Content Recycling – Nachhaltiges Arbeiten in der PR

Wenn ich eines in meiner Zeit als PR-Trainee intensiv gelernt habe, dann, dass wirklich guter Content keine Sache von einfachem Drauflosschreiben ist. Man muss eine Menge Zeit und Kreativität in ein neues Content-Piece stecken, um dieses zu etwas wirklich qualitativ Hochwertigem auszuarbeiten. Keine leichte Aufgabe, immerhin haben wir nicht unbegrenzt Zeit und Ressourcen bei der Arbeit.

Aber muss es bei der Contenterstellung immer gleich etwas völlig Neues sein? Zuerst dachte ich das. Aber ich lernte schnell, dass es eigentlich reinste Verschwendung ist, sorgfältig aufbereitete Inhalte nach einmaliger Nutzung gleich ins Archiv wandern zu lassen. Tatsächlich ist es sogar besser, funktionierende Inhalte aufzugreifen und stetig weiterzuentwickeln. Denn erst dann können sie wirklich ihr volles Potenzial entfalten.

Dafür gibt es auch einen klangvollen Namen: Content Recycling. Doch was verbirgt sich genau dahinter?

Mehr als nur eine neue Headline

Beim Begriff Content Recycling denkt man wohl am ehesten über gesparten Arbeitsaufwand nach. Der Nutzen für die eigene Arbeit steht im Vordergrund. Dabei klammert man aber die eigentlich entscheidende Perspektive aus: die des Users. Und der oder die lässt sich nicht gerne hinters Licht führen. Wer beispielsweise Content dadurch recycelt, dass er bloß kosmetische Änderungen wie den Austausch von Headline und Headerbild vornimmt, wird schnell feststellen, dass Inhalte Reichweite verlieren und Nutzer auch mal ganz abspringen. Eine Entwicklung, die genau gegenteilig zum eigentlich gewünschten Ergebnis verläuft.
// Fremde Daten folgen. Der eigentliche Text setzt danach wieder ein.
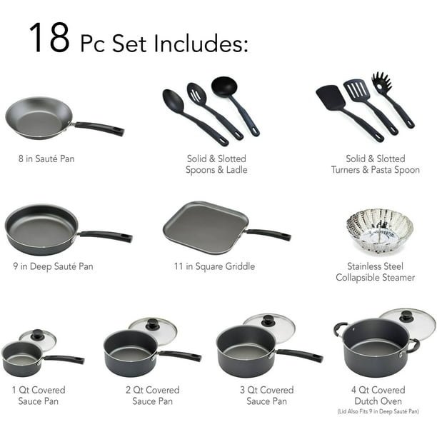 Primaware 18 Piece Non-stick Cookware Set, Steel Gray Primaware 18 Piece Non-stick Cookware Set, Steel Gray Primaware 18 Piece Non-stick Cookware Set, Steel Gray
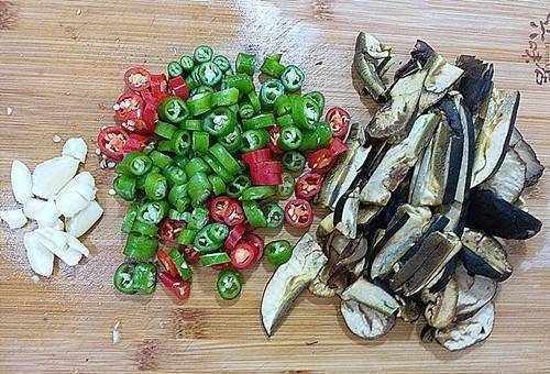2.將牛肝菌洗凈,切成小塊。將青椒切成小圈。4瓣壓碎的蒜瓣。
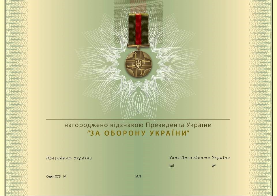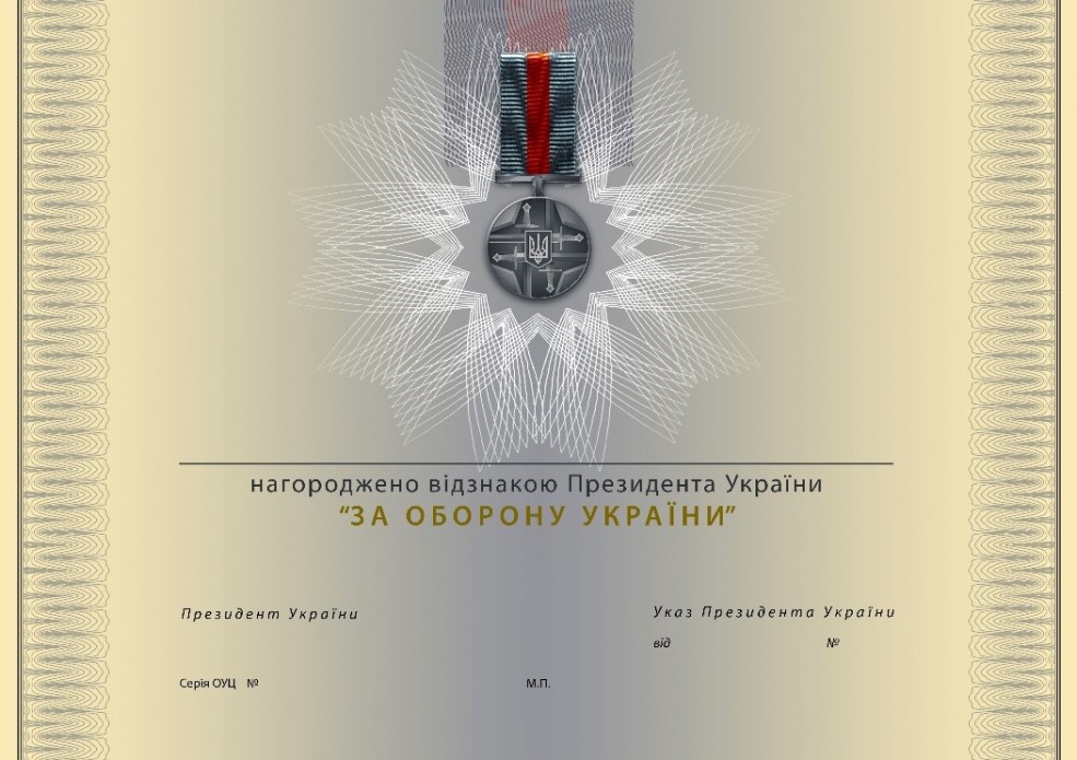 Зразки бланків Диплома до відзнаки Президента України «За оборону України».
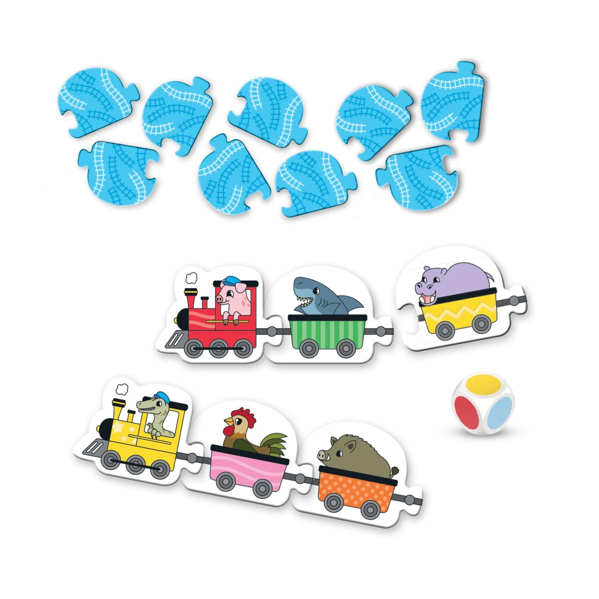 Barevný vláček je ideální první desková hra pro nejmenší děti od 2 let. Jednoduchá pravidla a hravý princip z ní dělají skvělý úvod do světa společenských her. Stačí hodit barevnou kostkou a správně přiřadit vagónek k mašince – a zábava může začít!

Besser ist es hier, man geht mit der gleichen Sorgfalt wie bei der Erstellung des Contents vor. Es passiert oft genug, das aufwendige Präsentationen, Whitepaper, Anwenderberichte etc. im virtuellen Archiv landen und nie wieder aufgemacht werden. Diese Inhalte gilt es stattdessen genau auf Aktualität zu prüfen und mit verschiedenen Ansätzen strategisch wiederzuverwerten. Passt der Content in seiner jetzigen Form noch zu Unternehmen und / oder Marke? Welche Zielgruppe will ich erreichen? Welches Ziel soll mit dem Recycling erreicht werden? Mit der Beantwortung solcher Fragen werden trotz eines Mehraufwands die vorhandenen Ressourcen effizienter und insgesamt sparsamer genutzt.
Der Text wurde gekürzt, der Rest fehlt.